ANT2 Il plasmide Double Nickase (h) consiste in una coppia di plasmidi ingegnerizzati per l'editing ad alta specificità del locus SLC25A5 nelle linee cellulari human. Ciascun plasmide esprime una nickasi Cas9 D10A e un sgRNA distinto che prende di mira filamenti di DNA opposti all'interno di SLC25A5. Quando indirizzate verso siti adiacenti su filamenti di DNA opposti, le due nickasi generano tagli a filamento singolo sfalsati che insieme producono una rottura a doppio filamento sfalsata, richiedendo un'attività coordinata sul bersaglio da entrambe le guide. La rottura del DNA risultante viene risolta da vie di riparazione cellulare endogene, più comunemente attraverso la giunzione non omologa delle estremità (NHEJ), portando a inserzioni o delezioni che interrompono la funzione di SLC25A5. Richiedendo il coinvolgimento di due sgRNA nel locus bersaglio, l'approccio a doppia nickasi migliora la specificità dell'editing e fornisce una strategia CRISPR complementare per applicazioni in cui è desiderato un controllo aggiuntivo sulla precisione del targeting.

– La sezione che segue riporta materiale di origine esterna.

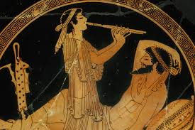 hetaria
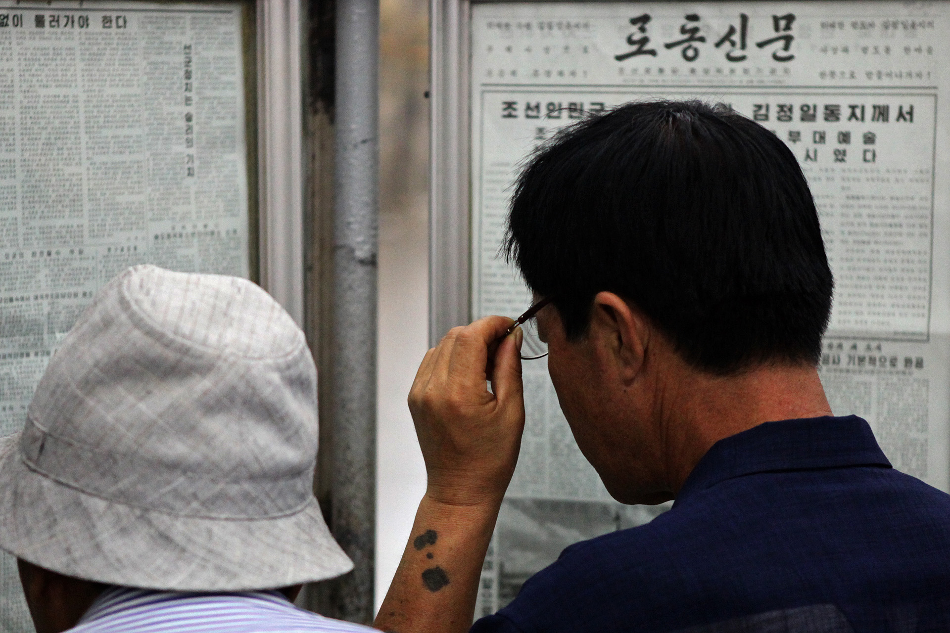 People reading Rodong Sinmun in the Pyongyang Metro system
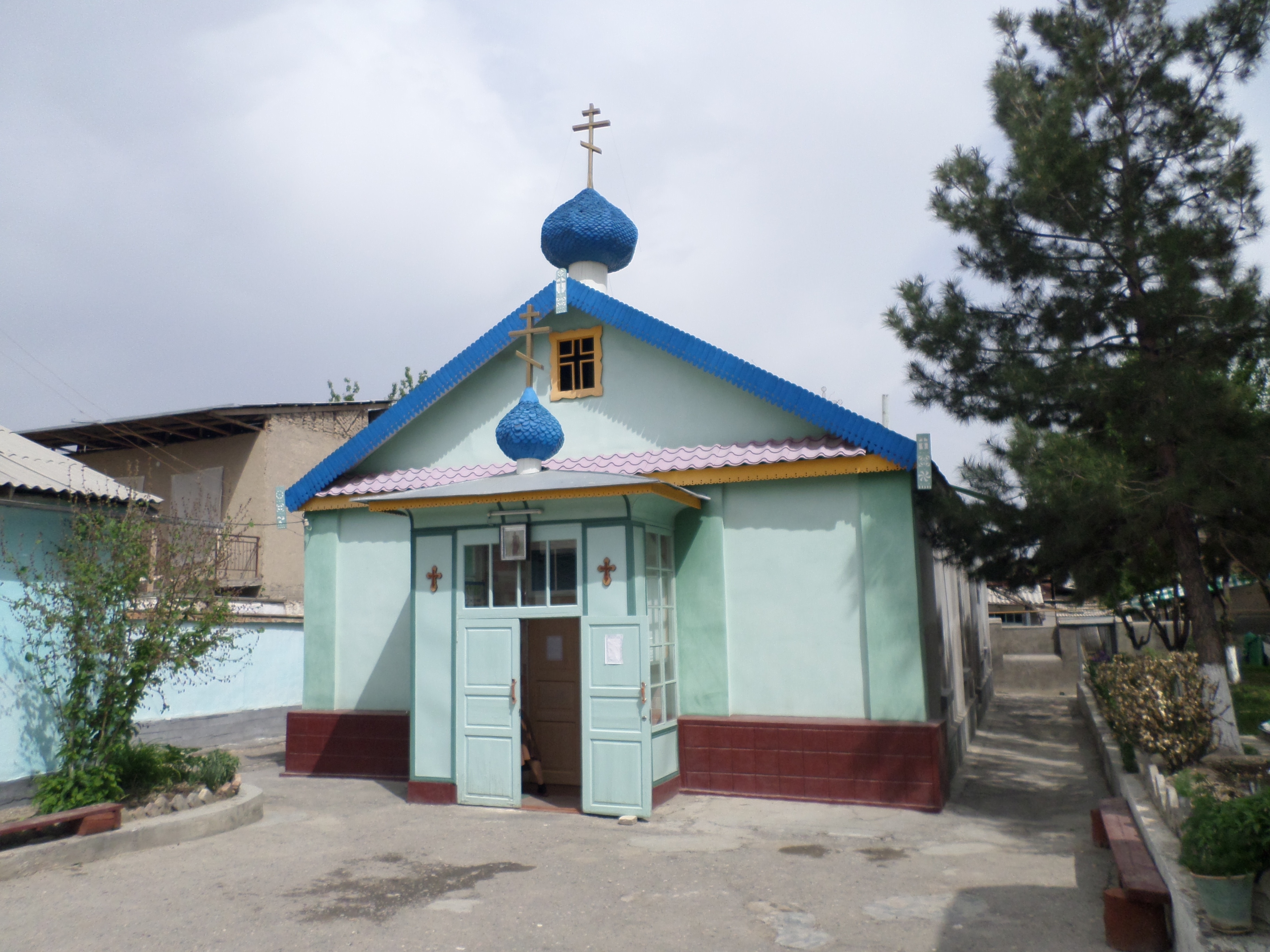 Church of St. Archangel Michael in Namangan
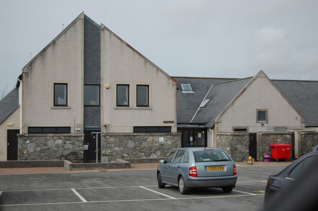 Pwllheli Sailing Club House
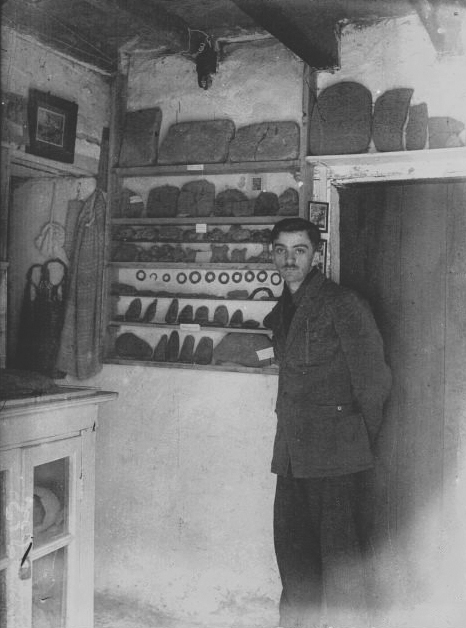 Young Emile Fradin inside his museum at Glozel (Ferrières-sur-Sichon, Allier, France).

Per supportare l'identificazione efficiente delle cellule modificate, un plasmide codifica la GFP per la visualizzazione fluorescente delle popolazioni trasfettate, mentre il plasmide di accompagnamento porta un gene di resistenza alla puromicina per la selezione antibiotica. Insieme, queste caratteristiche supportano l'arricchimento efficiente delle popolazioni co-trasfettate e semplificano la convalida dei cloni con SLC25A5 interrotto.
Solo per uso di ricerca. Non destinato a uso diagnostico o terapeutico.